Starting pass1                                                                                     
Found unused inode marked in-use                                                                   
Pass1 complete                                                                                     
Starting pass1b                                                                                    
Found dup block at 724461                                                                          
Block 724461 has 2 inodes referencing it fora total of 2 duplicate references                      
Inode (null) has 1 reference(s) to block 724461                                                    
Clearing...                                                                                        
Jun 22 19:26:55 (none) kernel: fsck.gfs[30737]: segfault at 0000000000000018 rip 0000000000416406 rsp 00007fff232c09b0 error 4 

Expected results:
fsck.gfs should not segfault.
errors shoud be corrected.

Additional info:
# uname -a
Linux C2N1 2.6.18-128.1.10.el5 #1 SMP Thu May 7 10:35:59 EDT 2009 x86_64 x86_64 x86_64 GNU/Linux

rpm -qf /sbin/gfs_fsck
gfs-utils-0.1.18-1.el5

Comment 1 Robert Peterson 2009-06-24 15:01:26 UTC
This is very likely to be the result of one of the bugs I found
in gfs2's fsck in bug #500483.  I stated in this comment:

https://bugzilla.redhat.com/show_bug.cgi?id=500483#c8

that many of the bugs I found and fixed should be back-ported to
gfs's fsck since gfs2's fsck was based on gfs_fsck.  So I'll use
this bug to do that back-porting.  However, in order to make sure
that the problem is fixed, I'd like to get a copy of the GFS
metadata that recreated this segfault, if that's possible.
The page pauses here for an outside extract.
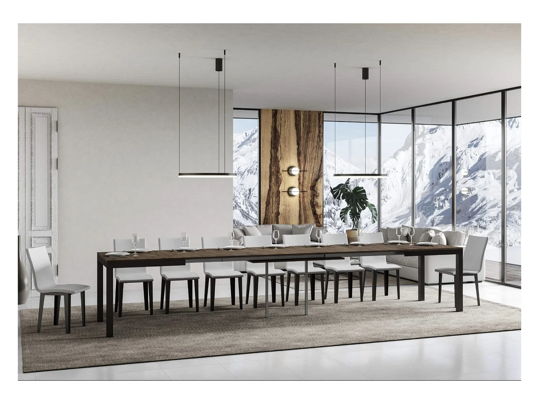 Table à manger extensible Karry evolution-Couleur Marron-Sur roulettes-160 à 420cm
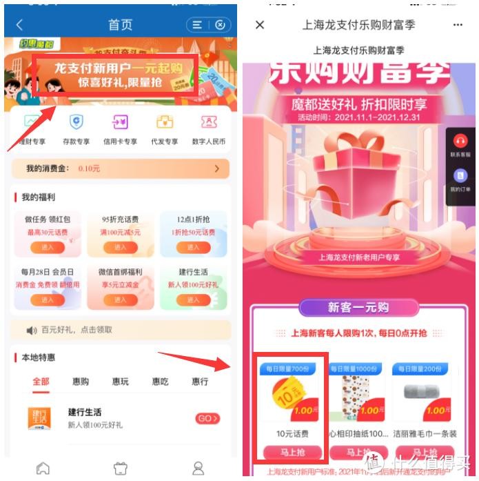 建设银行首页, 约惠魔都, 其他城市也有相应的差不多的活动页面。

Comment 2 Robert Peterson 2009-06-26 19:57:14 UTC
Created attachment 349598 [details]
Rough Cut Patch

This is my first crack at a crosswrite patch from bug #500483
that I hope full fix the problem.  It is COMPLETELY untested,
(and likely dangerous) but I wanted to save what I've got so far.
I need to debug this and run it through all the GFS metadata
I've got in my collection, like I did for gfs2's fsck, and that's
likely to take several days.

I am still waiting to get the original metadata so I can make
sure it fixes the problem.  There is still the possibility that
this bug is the same as 506550, in which case there is still
a fair amount of work to do.  Either way, this preliminary port
will be needed before I can get to that, and either way, I need
the original metadata that shows the problem.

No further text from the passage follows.